Time for my annual late-summer post about the flocks of blackbirds in our marsh. Each year at this time, they get up in huge flocks and come out of the marsh right as the sun is coming over the trees. I try to get down to the river most mornings to see it.

It begins down river from us, in the phragmites in the distance in this photo

You can hear them before you can see them. After a while they begin to fly up into the treetops across the river. Right about the middle of this photo – (shooting this stuff is awful, it shows me all the dust on my cameras’ sensors)

 

It’s easiest to see them on bare or nearly bare branches against the sky – but they’re on every branch regardless.

They begin to leave those trees in flocks that at first seem large…

 

When they get up over me, they begin to catch the sunlight…they’re almost all red-winged blackbirds (Agelaius phoeniceus) and common grackles (Quiscalus quiscula) as far as I can tell.

As they get up in the sky, there’s two (or more) places to watch – those up there…

And the larger flocks now moving up to take their place…

Then it really begins to get big…

The sound is as impressive as the sight…

a few pictures as I tried to follow the whole flock both coming up and across the sky…

Once the large flocks begin to move, the whole thing only lasts about a minute, maybe a minute & 1/2.

 

Now – count ’em.

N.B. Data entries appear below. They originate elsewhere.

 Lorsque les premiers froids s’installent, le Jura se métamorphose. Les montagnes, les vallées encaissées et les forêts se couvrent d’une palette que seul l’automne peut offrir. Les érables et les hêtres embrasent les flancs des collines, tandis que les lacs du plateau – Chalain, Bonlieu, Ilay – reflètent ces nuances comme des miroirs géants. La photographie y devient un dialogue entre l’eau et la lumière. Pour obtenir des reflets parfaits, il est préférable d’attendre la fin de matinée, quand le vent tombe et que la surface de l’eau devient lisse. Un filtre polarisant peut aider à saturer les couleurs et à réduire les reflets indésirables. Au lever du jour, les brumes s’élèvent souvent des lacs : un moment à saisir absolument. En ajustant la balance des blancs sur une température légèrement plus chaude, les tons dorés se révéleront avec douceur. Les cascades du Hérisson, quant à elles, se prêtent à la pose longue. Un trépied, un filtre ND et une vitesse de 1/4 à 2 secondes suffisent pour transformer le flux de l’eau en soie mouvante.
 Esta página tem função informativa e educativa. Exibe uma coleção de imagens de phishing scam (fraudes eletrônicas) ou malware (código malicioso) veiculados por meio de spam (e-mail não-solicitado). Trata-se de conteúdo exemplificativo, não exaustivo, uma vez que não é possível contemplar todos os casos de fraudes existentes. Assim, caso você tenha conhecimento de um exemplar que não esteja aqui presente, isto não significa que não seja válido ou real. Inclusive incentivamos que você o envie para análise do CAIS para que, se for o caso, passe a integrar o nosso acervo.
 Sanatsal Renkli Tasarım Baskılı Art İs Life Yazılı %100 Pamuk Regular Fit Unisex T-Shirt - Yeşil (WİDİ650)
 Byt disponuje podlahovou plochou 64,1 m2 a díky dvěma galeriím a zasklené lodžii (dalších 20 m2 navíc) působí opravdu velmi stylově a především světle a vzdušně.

There’s a lot of them…

 

A short video from 2 weeks ago. The flock gets bigger for a while, then it will taper off in a while…some of these birds leave here in the autumn, but some winter-over now.

13 thoughts on “Late-summer blackbird flocks

  1. Fascinating, thanks for sharing. The video really provides a good view of the scale and the sounds. Is this something that occurs daily? Is this a practice run for when they head south or are they already heading somewhere else? Thanks.

  2. It must be amazing to see that big of a flock! Once you mentioned the red winged blackbirds, I realized that mine have gone. I live in Ohio. Mine must be on their way to you,maybe part of one of the flocks you see.